Supplied records:
**********

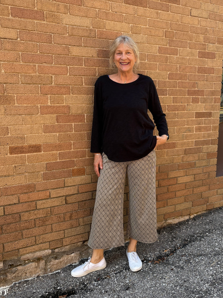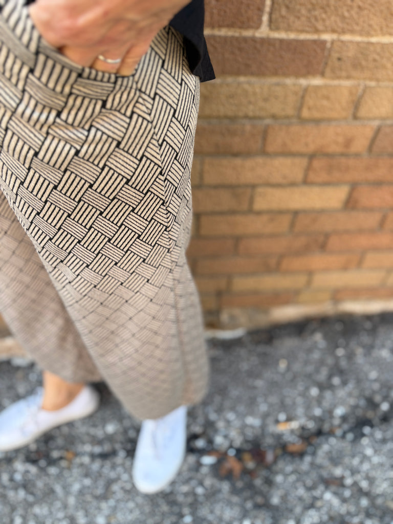A great patterned pant is a must for fall! These are a heavy weight fabric and pair with any black top! An elastic waistband and front slash pockets are made for utility.
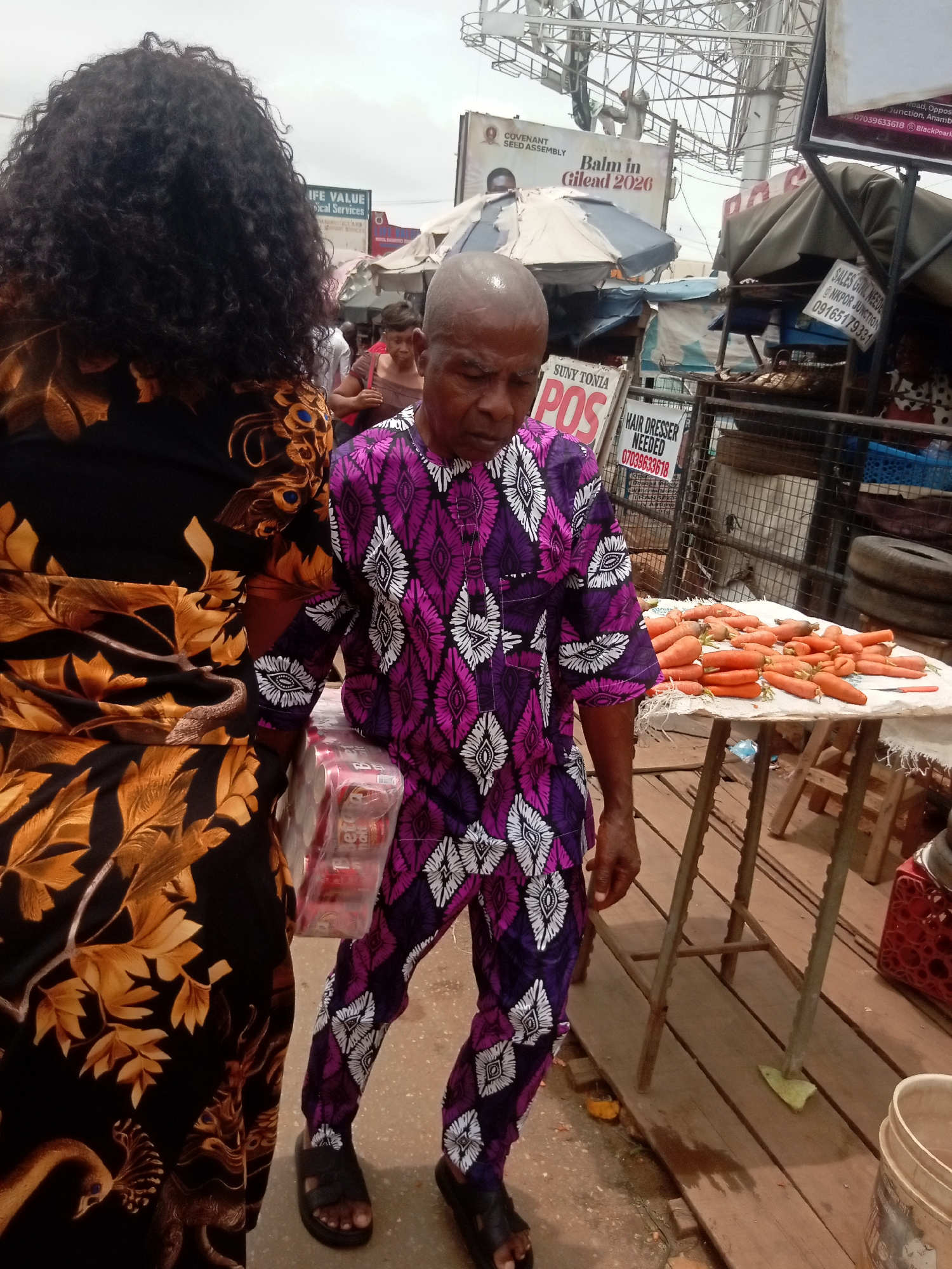An image taken in Nkpor, Nigeria, shows an elderly bald man carrying a pack of bottled drinks. He wears a purple and white patterned two-piece outfit and black sandals. He is walking on a raised woode…read more
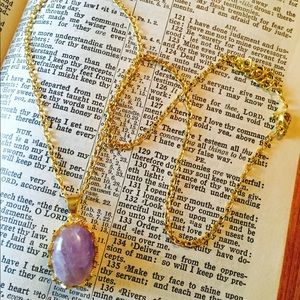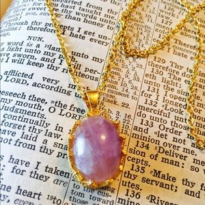 Brand new. Never worn. Faux stone pendant piece. Light pinkish purple stone color. Acrylic type material. Faux gold metal. Clasp closure. Adjustable chain length. Gorgeous necklace!!
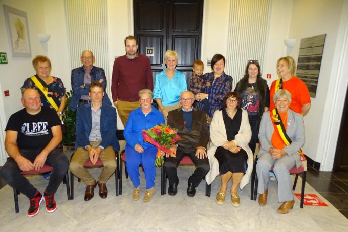 Robert Desmet en Antoinette Compernolle zijn met hun familie door het college van burgemeester en schepenen ontvangen in het gemeentehuis voor hun diamanten huwelijksjubileum.
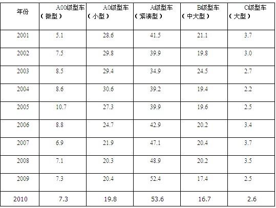 各级别轿车历年销售份额(%)
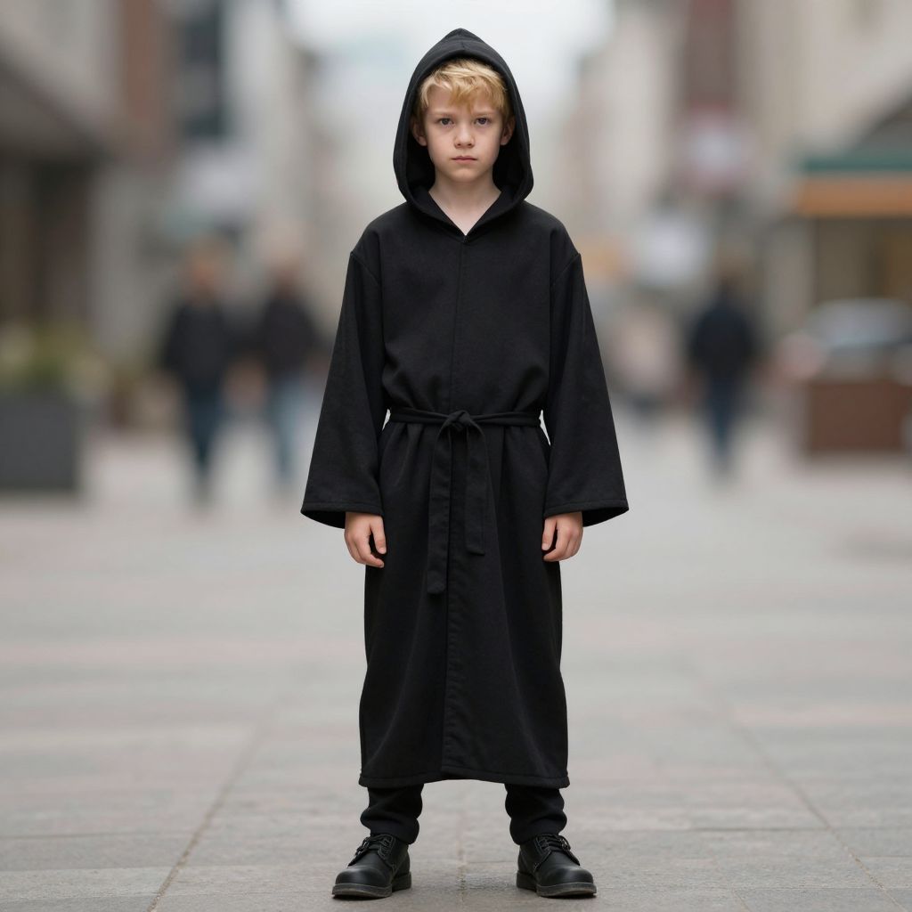 Photograph of a young blonde boy standing in a blurred urban street. He wears a long, black, hooded robe with a belt tied at the waist, black pants, and black shoes. The hood is up, partially obscuring his hair. His expression is neutral, and he stands with his hands by his sides. The background shows a street with indistinct buildings and a few blurred pedestrians. The sky is overcast, and the street is paved with gray tiles. The overall mood is somber and slightly mysterious.
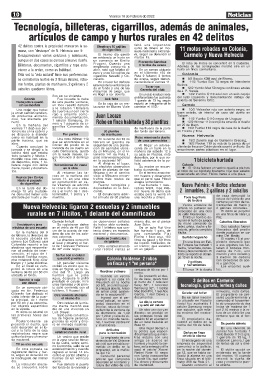 mana, con "destaque" de N. Helvecia con 9. de cigarrillos neda nacional y extranje- 11 motos robadas en Colonia,
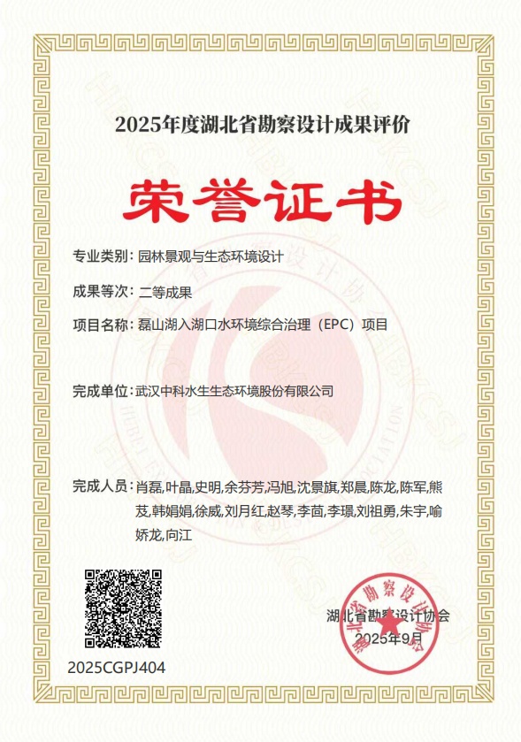 近日,2025年度湖北省勘察設(shè)計成果評價活動結(jié)果正式公布。武漢中科水生生態(tài)環(huán)境股份有限公司憑借深厚的技術(shù)積淀與卓越的創(chuàng)新設(shè)計能力脫穎而出,申報的“磊山湖入湖口水環(huán)境綜合治理(EPC)項目”榮獲二等獎,“西荊河河道綜合治理與生態(tài)修復(fù)項目”榮獲三等獎,一舉實現(xiàn)我公司在該獎項上的歷史性突破,為水環(huán)境治理領(lǐng)域再添亮眼成績。
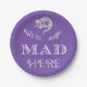Die Cheshire-Katze "von der Alicen im Wunderland" erscheint mit seinen Wörtern vom Buch, ", das wir alle hier" auf Lila oder der dunklen Hintergrundfarbe Ihrer Wahl WÜTEND sind, ein großes Party Papierplatte herzustellen. Zusammenpassende Einzelteile und viele mehr Alice im Wunderlandeinzelteile und -entwürfe sind in meinem Zazzle Speicher verfügbar.
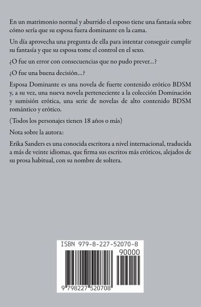 En un matrimonio normal y aburrido el esposo tiene una fantasía sobre cómo sería que su esposa fuera dominante en la cama. Un día aprovecha una pregunta de ella para intentar conseguir cumplir su fantasía y que su esposa tome el control en el sexo. ¿O fue un error con consecuencias que no pudo prever...? ¿O fue una buena decisión...? Esposa Dominante es una novela de fuerte contenido erótico BDSM y, a su vez, una nueva novela perteneciente a la colección Dominación y sumisión erótica, una serie de novelas de alto contenido BDSM romántico y erótico. (Todos los personajes tienen 18 años o más) Nota sobre la autora: Erika Sanders es una conocida escritora a nivel internacional, traducida a más de veinte idiomas, que firma sus escritos más eróticos, alejados de su prosa habitual, con su nombre de soltera.

**********

Problem description: Please transcribe, word for word, every line from the first line of the records above through the line containing "An image taken", and leave out any pictures.

Task answer:
A great patterned pant is a must for fall! These are a heavy weight fabric and pair with any black top! An elastic waistband and front slash pockets are made for utility.
An image taken in Nkpor, Nigeria, shows an elderly bald man carrying a pack of bottled drinks. He wears a purple and white patterned two-piece outfit and black sandals. He is walking on a raised woode…read more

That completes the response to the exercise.